--- Source data Enclosed Below ---
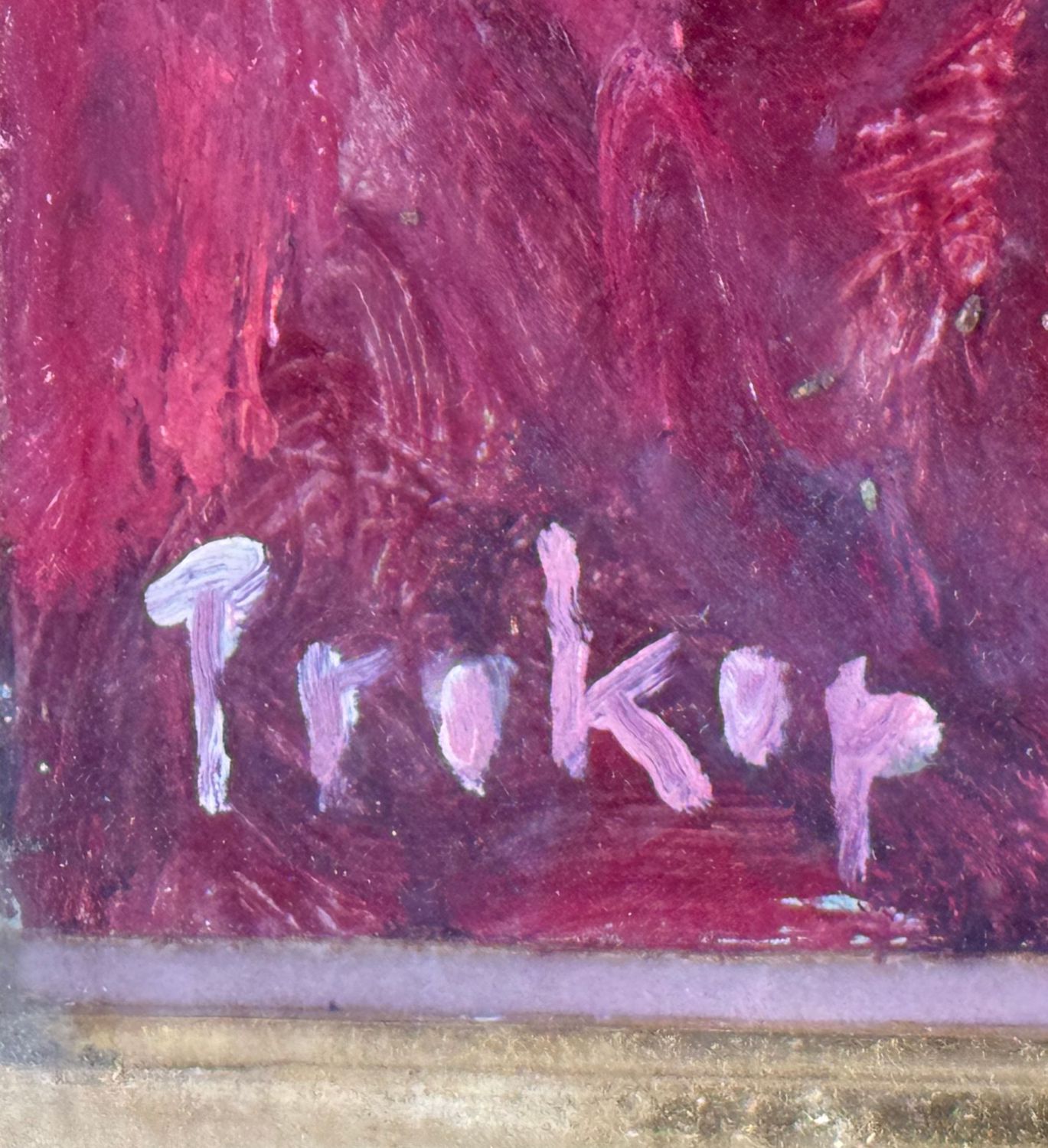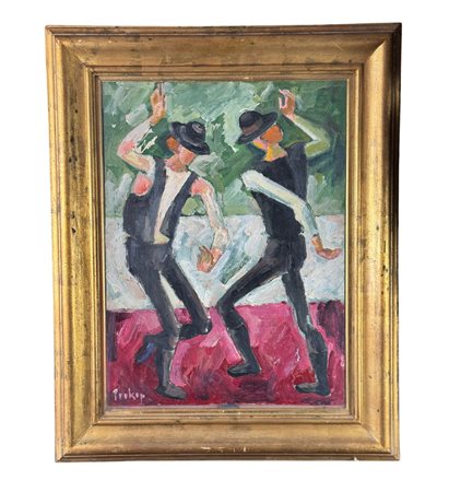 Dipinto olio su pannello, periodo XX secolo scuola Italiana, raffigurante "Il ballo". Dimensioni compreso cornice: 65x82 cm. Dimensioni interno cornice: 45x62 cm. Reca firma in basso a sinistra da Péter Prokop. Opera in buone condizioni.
--- End of Enclosed Source data ---
--- Source data Enclosed Below ---
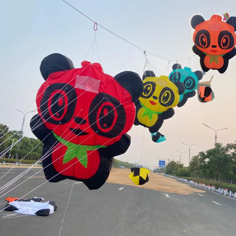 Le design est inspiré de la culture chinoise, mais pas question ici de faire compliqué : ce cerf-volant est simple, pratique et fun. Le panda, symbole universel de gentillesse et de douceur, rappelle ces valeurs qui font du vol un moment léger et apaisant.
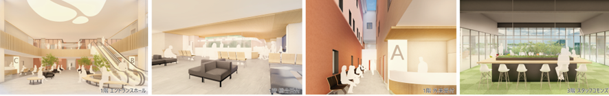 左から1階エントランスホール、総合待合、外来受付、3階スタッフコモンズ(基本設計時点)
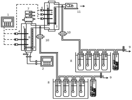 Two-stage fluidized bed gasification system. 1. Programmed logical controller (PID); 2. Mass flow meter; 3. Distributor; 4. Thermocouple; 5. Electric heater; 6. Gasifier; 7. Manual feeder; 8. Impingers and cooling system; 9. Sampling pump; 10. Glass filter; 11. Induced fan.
--- End of Enclosed Source data ---
Task goal — In the data above, retype only the stretch from the line with "左から1階エントランスホール" through the line with "Two-stage fluidized bed", word for word, and skip any pictures.

Response for this exercise —
 左から1階エントランスホール、総合待合、外来受付、3階スタッフコモンズ(基本設計時点)
 Two-stage fluidized bed gasification system. 1. Programmed logical controller (PID); 2. Mass flow meter; 3. Distributor; 4. Thermocouple; 5. Electric heater; 6. Gasifier; 7. Manual feeder; 8. Impingers and cooling system; 9. Sampling pump; 10. Glass filter; 11. Induced fan.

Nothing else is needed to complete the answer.